Where are you seeing that? Everywhere i'v been looking is 60 per saddle


----------



## Alberto7 (Jan 7, 2012)

Snakewood is one of my favorite woods for fretboards, look-wise. That redwood looks amazing, and the madrone too! You're going all fancy with this one, I see!  Can't wait to see what comes out of this!


----------



## MF_Kitten (Jan 8, 2012)

Is the ABM system made for double ball steings only, or regular ones?


----------



## Stealthdjentstic (Jan 8, 2012)

7 Strings of Hate said:


> Where are you seeing that? Everywhere i'v been looking is 60 per saddle



ABM Single String Bridge Black | Allparts.com

Thats for a non headless system though..


----------



## mountainjam (Feb 16, 2012)

So production of this guitar should be starting soon. My body wood showed up today, and in an attempt to use only tone woods local to me (Im from northern cali and heading back soon), Im heading into unknown territory and using a doug fir body blank. Dana at oregon wild woods said this is his absolute favorite body wood, and he's never heard another species of wood with more resonance, so I took his advice.

Incredibly tight grain









So far my redwood, doug fir, and recently won myrtlewood neck off ebay are true to my north coast build. Ill get pics soon of the neck wood, its a incredibly rare piece. Its intensely flamed and its original price tag which is still on the wood, dates to 1991 from a gun builder. So its nicely aged. Not sure what Im doing on the fretboard yet.


----------



## OrsusMetal (Feb 16, 2012)

I want to see him do another headless build! Do it headless!


----------



## mountainjam (Feb 16, 2012)

OrsusMetal said:


> I want to see him do another headless build! Do it headless!



Its going to be headless


----------



## OrsusMetal (Feb 16, 2012)

WIN! What hardware did you end up going for? Also, do you have a mockup yet?


----------



## mountainjam (Feb 16, 2012)

OrsusMetal said:


> WIN! What hardware did you end up going for? Also, do you have a mockup yet?

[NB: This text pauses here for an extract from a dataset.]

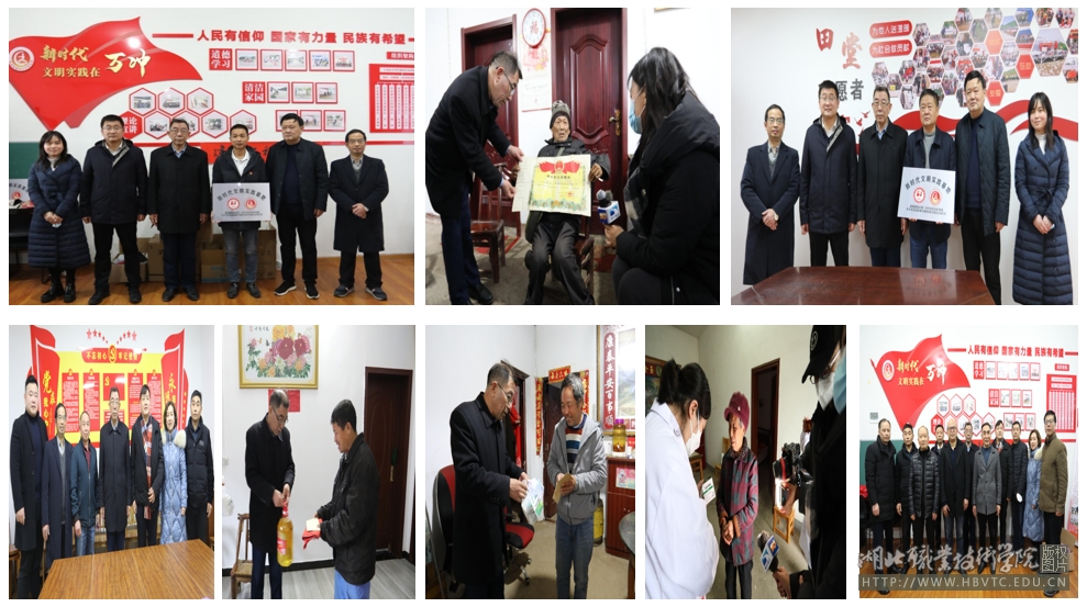 (本网讯陈灏 汪向东 余仲铭 彭裕刚 夏育斌)走进农家服务百姓情系乡村,文明实践共筑思想文化阵地。1月12日,我校师生志愿服务队来到孝昌县万冲村、田堂村和双峰山剥岸村,宣传党的二十大精神,开展送文化与健康活动,开展“敲门行动”,为老人们送防疫健康包、慰问金等,共商乡村发展新路,受到群众的热烈欢迎。

Looks like we are going with abm bridges, and a custom string through nut. No mock up yet, I convinced Todd to release a new body design for this so Im just waiting to see what it looks like


----------



## Alberto7 (Feb 16, 2012)

OMFG you have so many awesome woods in this build I want to cry. Can't wait to see photos of the process!


----------



## mountainjam (Feb 23, 2012)

Just got a pic of the myrtlewood for the neck. Damn!


----------



## OrsusMetal (Feb 23, 2012)

FUCK!


----------



## pingOMOG (Feb 23, 2012)

mountainjam said:


> So I just spoke with todd, that guitar is 20 years old. He uses abm hardware now, which seems like a viable alternative to to strandberg. Im not sure what came out first, the abm or strandberg bridge, but they both share a striking resemblence



hi there,
im planning a 7 string headless fanned fret build,
where can i get this hardware?


awesome wood choices!!


----------



## Alberto7 (Feb 23, 2012)

Holy cock


----------



## IkarusOnFire (Feb 23, 2012)

That piece of myrtlewood is...cumazing! Gratz on winning that beauty on e-bay...gunstock billets will usually fetch an outrageous price - but that really is a nice pice of wood.


----------



## scherzo1928 (Feb 23, 2012)

I came


----------



## Geognosy (Feb 23, 2012)

Purrrrr... snakewood or leopard skin?


----------



## mountainjam (Feb 23, 2012)

pingOMOG said:


> hi there,
> im planning a 7 string headless fanned fret build,
> where can i get this hardware?
> 
> ...



As far as I know the strandberg components arent available at the moment. For the abm bridges, you will need to find an abm dealer.



IkarusOnFire said:


> That piece of myrtlewood is...cumazing! Gratz on winning that beauty on e-bay...gunstock billets will usually fetch an outrageous price - but that really is a nice pice of wood.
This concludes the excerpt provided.